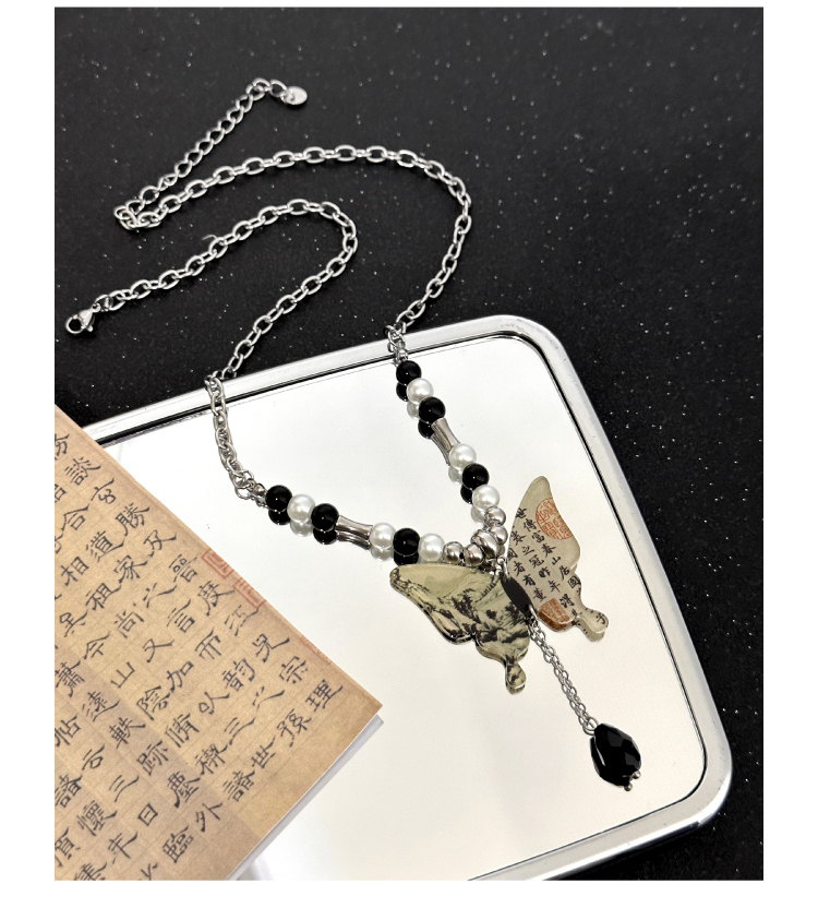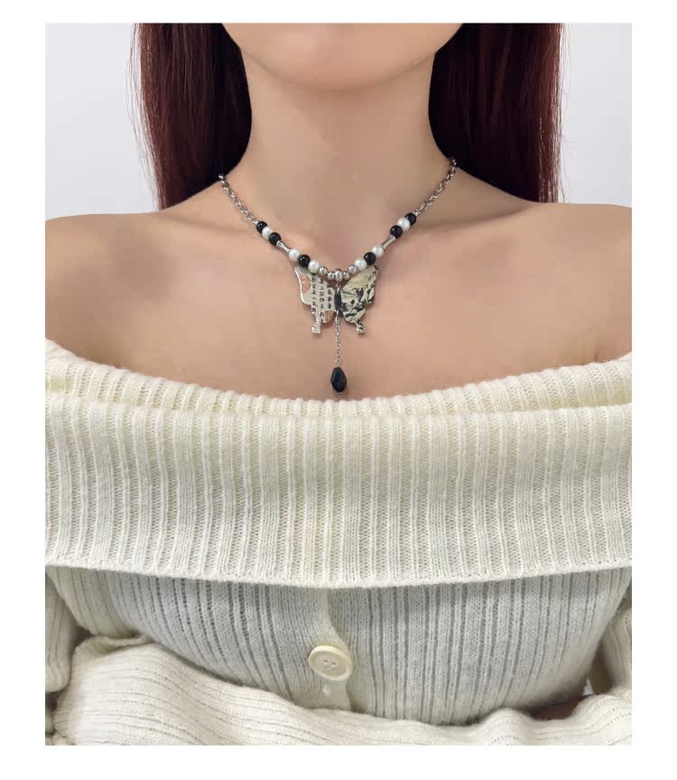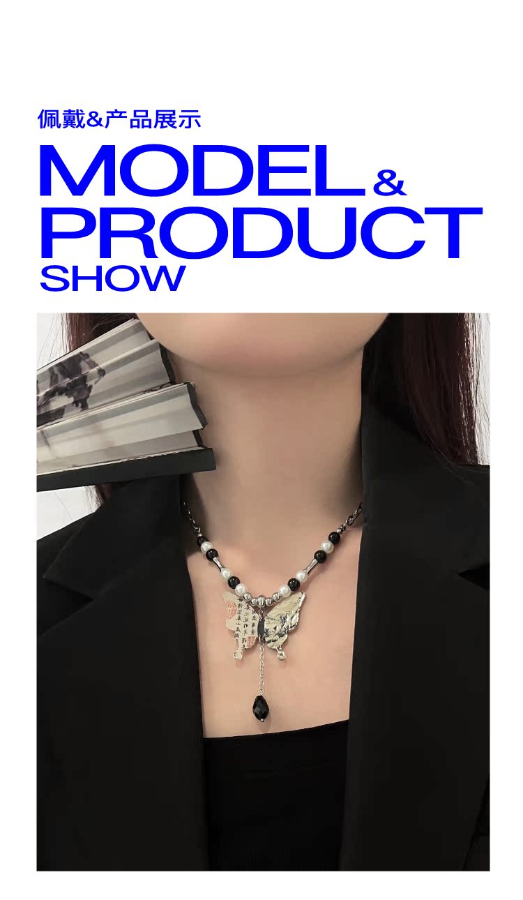 KANSAI新款黑色鏤空蝴蝶項鏈女小眾甜酷高級感珍珠拼接氣質配飾品
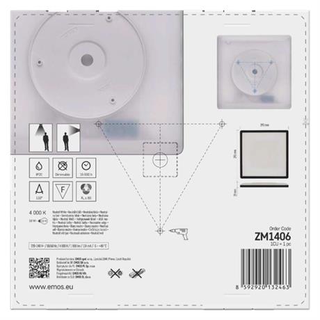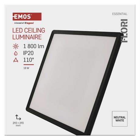 EMOS LED přisazené svítidlo FLORI čtvercové, černé, 18W, neutrální bílá
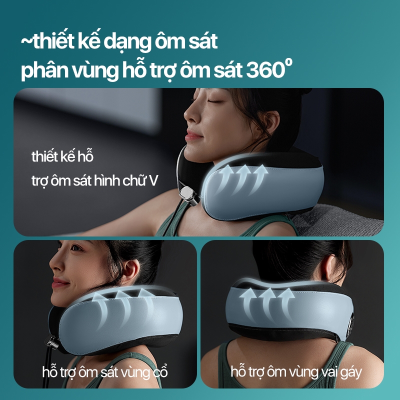 Chế độ chườm nóng duy trì ở mức 42°C nhờ cảm biến nhiệt độ thông minh, giúp tăng cường lưu thông máu và hỗ trợ giảm căng thẳng cơ. Vùng gia nhiệt có diện tích rộng khoảng 1440mm², bao phủ hiệu quả khu vực cổ, mang lại cảm giác ấm áp và dễ chịu trong suốt quá trình sử dụng.
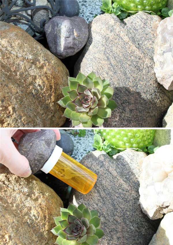 ▼把鑰匙裝進瓶子,黏到花園的石頭後面。
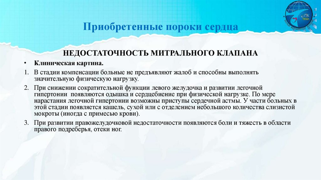 Приобретенные пороки сердцаНЕДОСТАТОЧНОСТЬ МИТРАЛЬНОГО КЛАПАНА
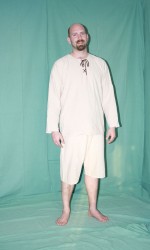 Pánské spodní prádlo. V pase na tkanici, s dírkami pro upevnění nohavic.

◆ Your goal
Could you restate the material word for word, omitting the pictures?

◆ Answer
 KANSAI新款黑色鏤空蝴蝶項鏈女小眾甜酷高級感珍珠拼接氣質配飾品
 EMOS LED přisazené svítidlo FLORI čtvercové, černé, 18W, neutrální bílá
 Chế độ chườm nóng duy trì ở mức 42°C nhờ cảm biến nhiệt độ thông minh, giúp tăng cường lưu thông máu và hỗ trợ giảm căng thẳng cơ. Vùng gia nhiệt có diện tích rộng khoảng 1440mm², bao phủ hiệu quả khu vực cổ, mang lại cảm giác ấm áp và dễ chịu trong suốt quá trình sử dụng.
 ▼把鑰匙裝進瓶子,黏到花園的石頭後面。
 Приобретенные пороки сердцаНЕДОСТАТОЧНОСТЬ МИТРАЛЬНОГО КЛАПАНА
 Pánské spodní prádlo. V pase na tkanici, s dírkami pro upevnění nohavic.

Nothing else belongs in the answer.